Кстати, когда мы выходили в прямом эфире, звонившие в студию спрашивали, куда подевались литературные вечера в Останкино, писательские диалоги и монологи. «Эх вы, – сетовали они, – Солженицына и того не уберегли. Из писателей один Жванецкий остался…» В самом деле, люди устали от пестрой телевизионной пустоты. Они просто умоляют: пусть рок-звезды поют, но говорить, а тем более рассуждать о жизни позвольте тем, кто способен это делать!
Прогноз очевиден – мы возвращаемся к тем ценностям, которыми жили и раньше. Это не значит, что люди не будут читать Шелдона и Тополя, но их книжки никогда не заменят нам Булгакова и Шолохова. И особенно радует возросший интерес к серьезной исторической литературе. Узнав, например, что императрица Анна Иоанновна больше всего на свете любила русские народные песни и герцога Бирона, умный читатель гораздо лучше поймет и современную Россию…
– А как нынешняя власть отнесется к этому?
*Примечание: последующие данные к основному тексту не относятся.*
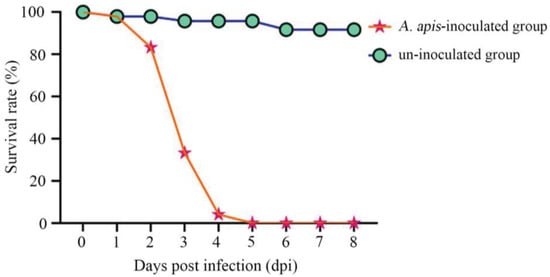 It was detected that the survival rate of A. cerana larvae in the A. apis–inoculated group was 97.92%, 83.33%, and 33.33% at 1 dpi–3 dpi, respectively; additionally, the larval survival rate sharply decreased to 4.16% at 4 dpi and to 0 at 5 dpi (shown in Figure 2). Comparatively, the survival rate of larvae in the uninoculated group was always high at 1 dpi–8 dpi, with an average survival rate of 95.37%, as shown in Figure 2.

Не будет мешать?
– Во-первых, нынешняя власть неоднородна, и люди, которых заботит судьба Отечества, встречаются там не намного реже, чем те, которым наплевать на все, кроме личного благополучия. А во-вторых, в издательском деле уже заработал рыночный механизм. Издатели будут выпускать то, что смогут продать. Понятно, что ни один идиот не станет переиздавать пьесы Шатрова или романы Лиханова – настолько они устарели. Но тот же Трифонов или Симонов – это нестареющая литература, у которой всегда будет читатель. Кстати, и современные авторы, пишущие о нашем нынешнем дне, по свидетельству моих знакомых издателей, расходятся очень прилично. А. Афанасьев, Ю. Козлов, С. Есин, М. Попов, Т. Набатникова, А. Проханов, А. Сегень, В. Пелевин и другие.
– Юрий Михайлович, какое, по-вашему, литературное направление наиболее перспективно в России?
– Будущее, на мой взгляд, за литературой реалистической. Реализм универсален, а главное – демократичен. В противном случае у каждого писателя останется по одному реципиенту, или, попросту говоря, читателю, способному понять, что же все-таки сказано в книге. Лично мне как филологу интересен постмодернизм с его двойными кодами, авторскими масками, пародийным модусом повествования… То, что происходит в лаборатории, всегда интересно, но это не повод для того, чтобы отказаться от нормальной пищи и начать питаться лабораторными мышами…
Скажу по-другому: без постмодернизма реализм скучен, без реализма постмодернизм невозможен. Не случайно поэтому я редактирую альманах под названием «Реалист», который издается при поддержке клуба «Реалисты».
Реалисты в политике поддерживают реалистов в литературе, и это нормально!
– Ваш последний роман «Козленок в молоке» – достаточно новаторское произведение…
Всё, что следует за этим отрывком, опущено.